Directions ▸
Within the records below, find the line with "Due to the sensitivity" and the line with "- Slowly add", then reproduce exactly those two lines and all lines between them, without any picture.

Data to examine ▸

——

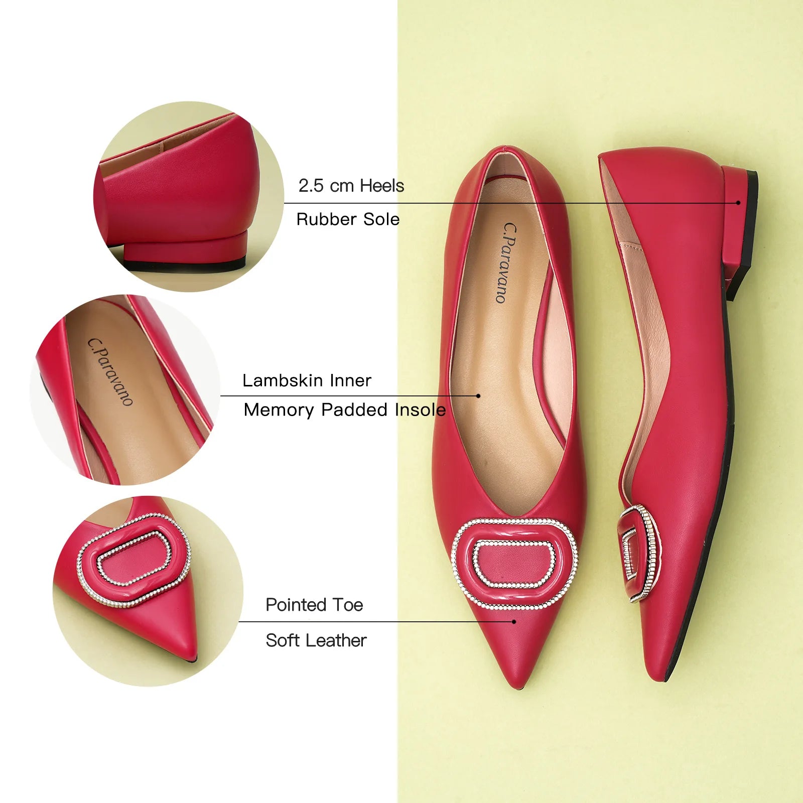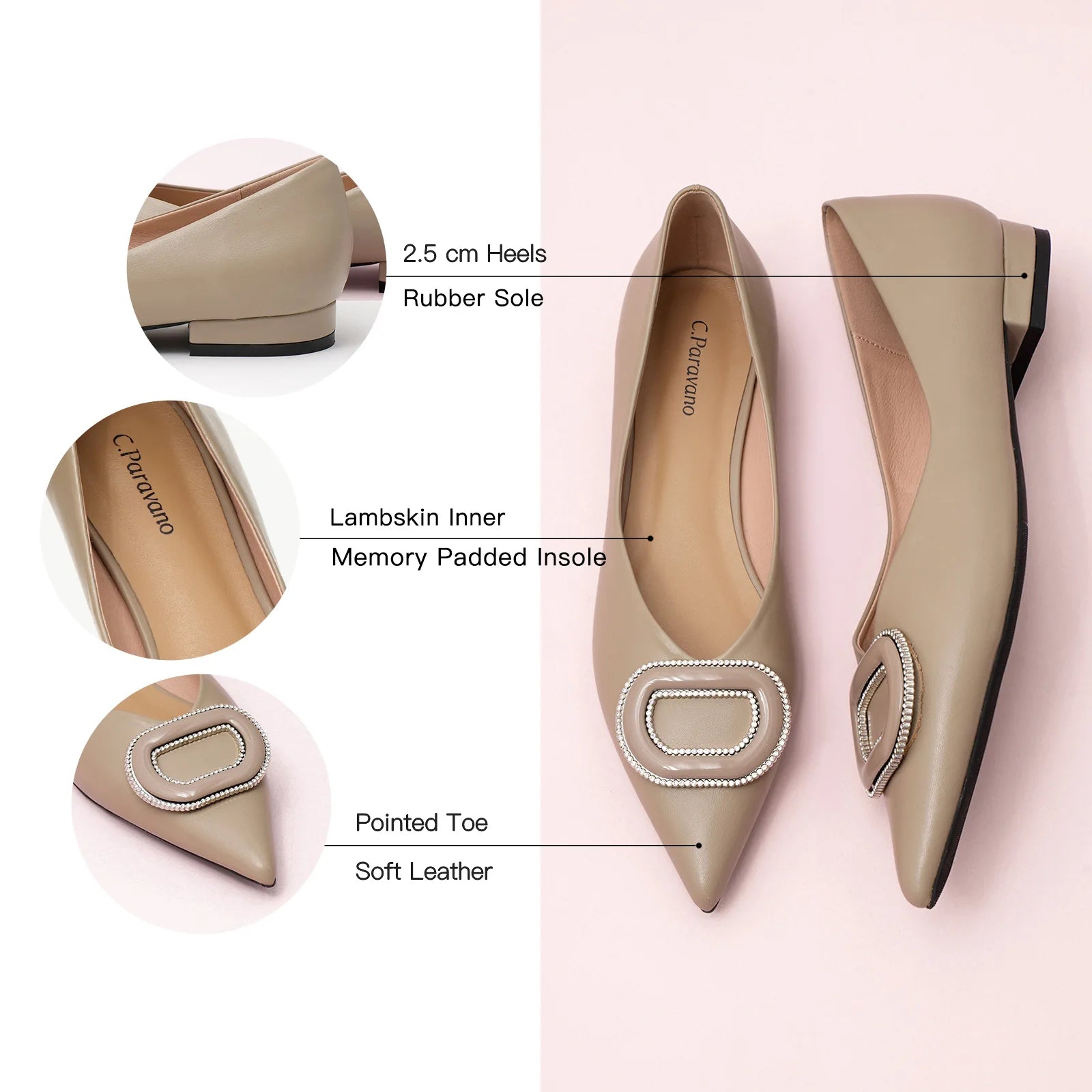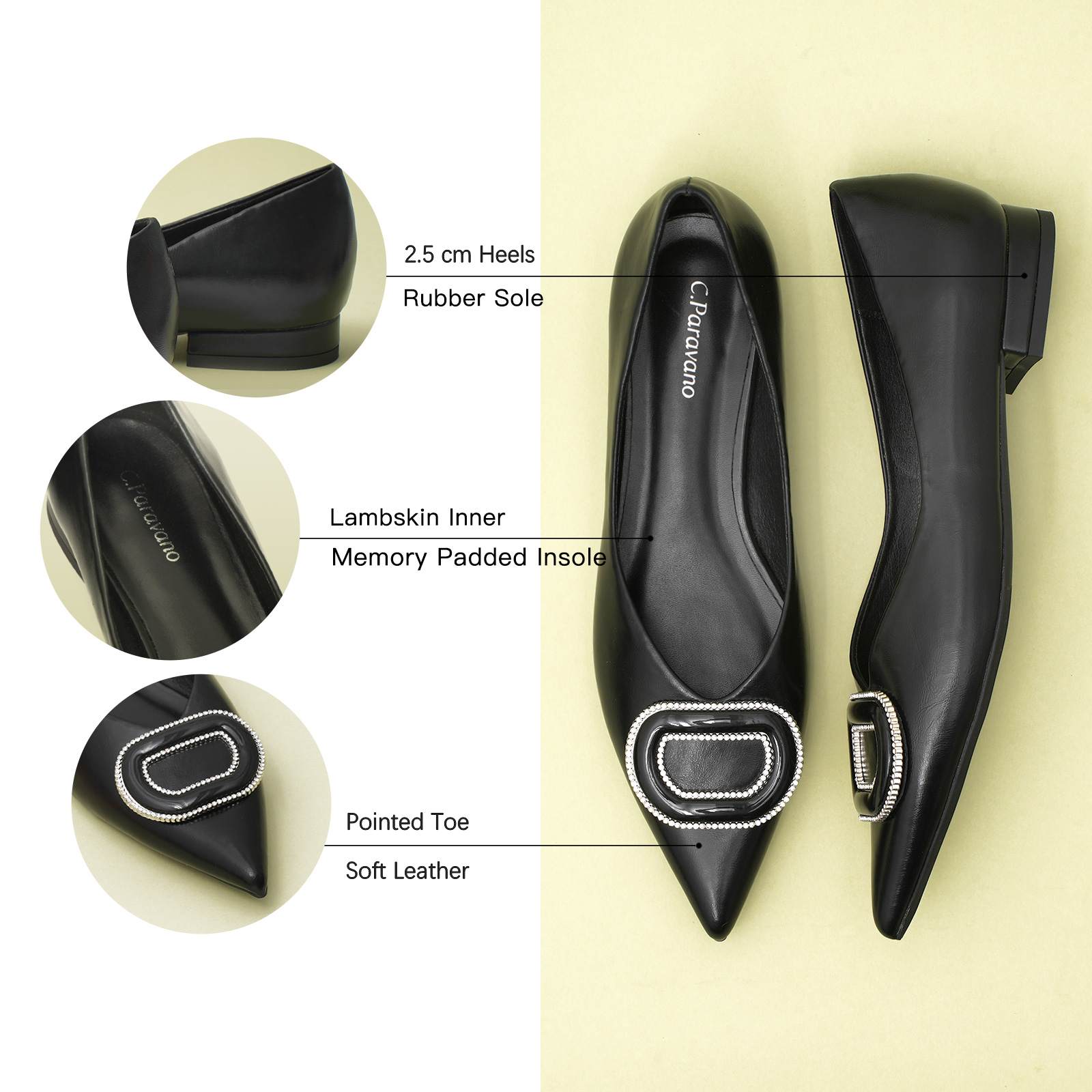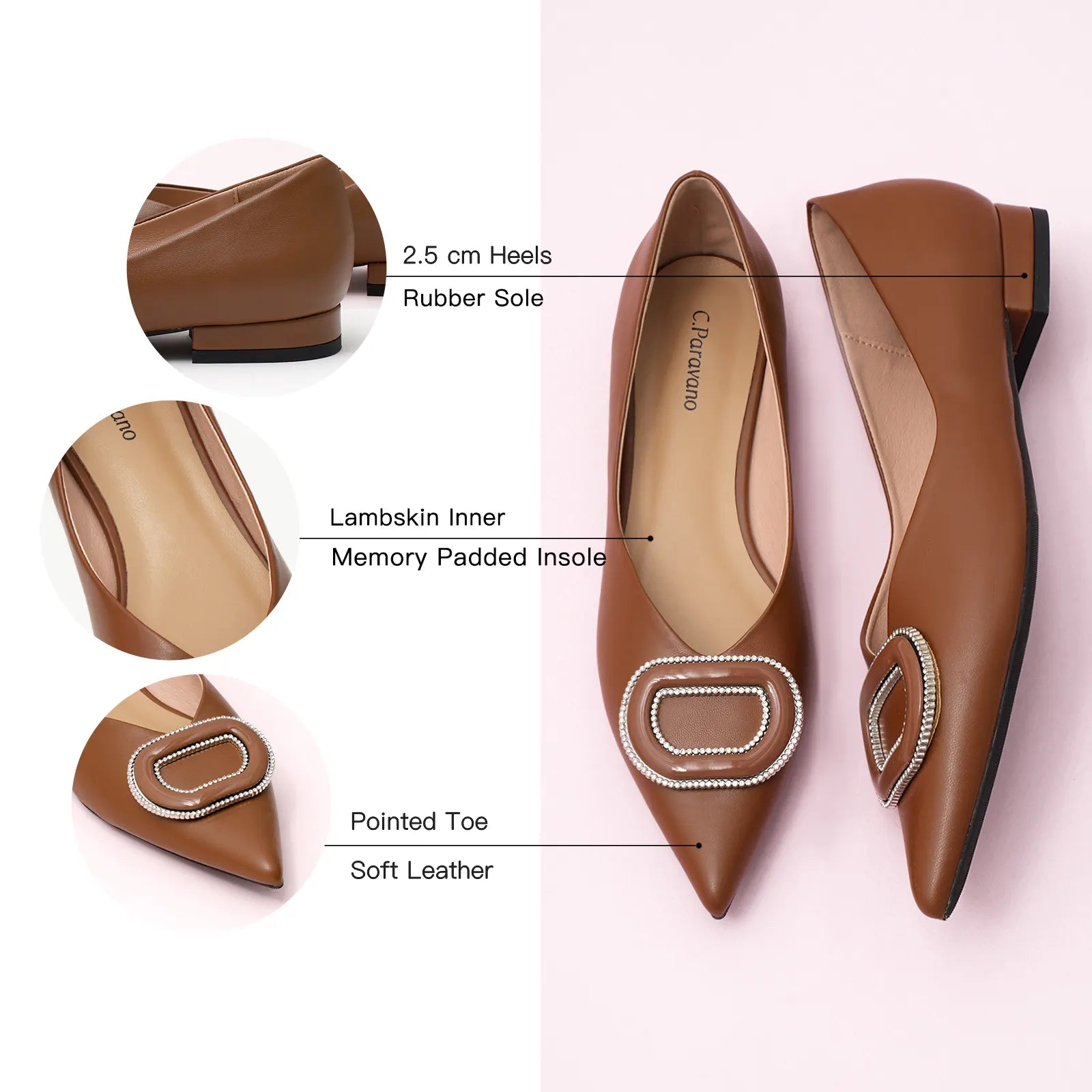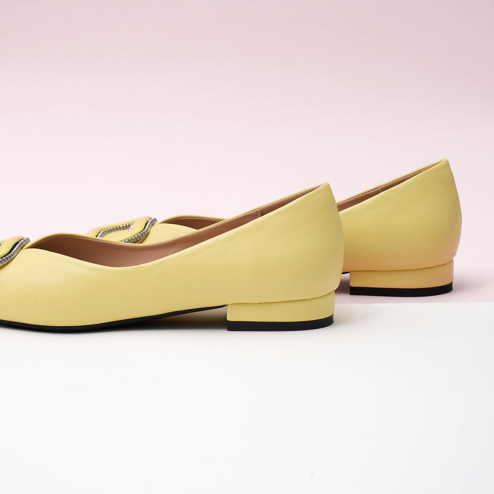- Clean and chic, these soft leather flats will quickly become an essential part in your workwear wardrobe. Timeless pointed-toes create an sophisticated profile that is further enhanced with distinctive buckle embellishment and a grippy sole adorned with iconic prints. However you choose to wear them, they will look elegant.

——

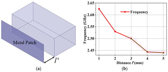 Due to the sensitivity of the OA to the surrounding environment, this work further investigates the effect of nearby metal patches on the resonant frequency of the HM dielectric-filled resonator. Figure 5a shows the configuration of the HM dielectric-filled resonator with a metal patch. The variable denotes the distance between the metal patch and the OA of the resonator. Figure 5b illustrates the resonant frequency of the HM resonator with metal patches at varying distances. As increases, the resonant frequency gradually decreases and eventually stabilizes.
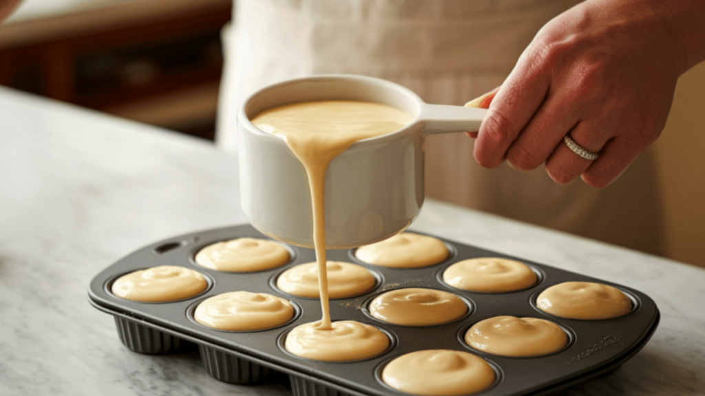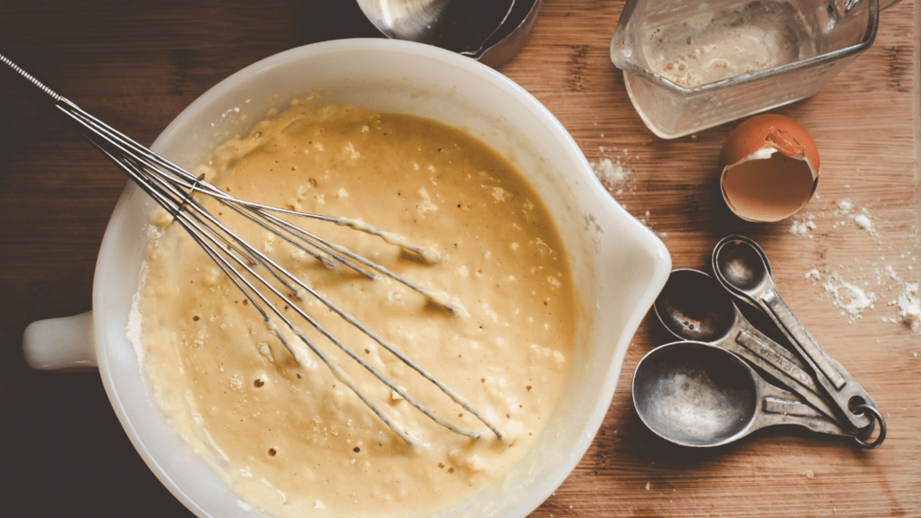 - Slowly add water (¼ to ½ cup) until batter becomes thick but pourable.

——

Exercise response ▸
 Due to the sensitivity of the OA to the surrounding environment, this work further investigates the effect of nearby metal patches on the resonant frequency of the HM dielectric-filled resonator. Figure 5a shows the configuration of the HM dielectric-filled resonator with a metal patch. The variable denotes the distance between the metal patch and the OA of the resonator. Figure 5b illustrates the resonant frequency of the HM resonator with metal patches at varying distances. As increases, the resonant frequency gradually decreases and eventually stabilizes.
 - Slowly add water (¼ to ½ cup) until batter becomes thick but pourable.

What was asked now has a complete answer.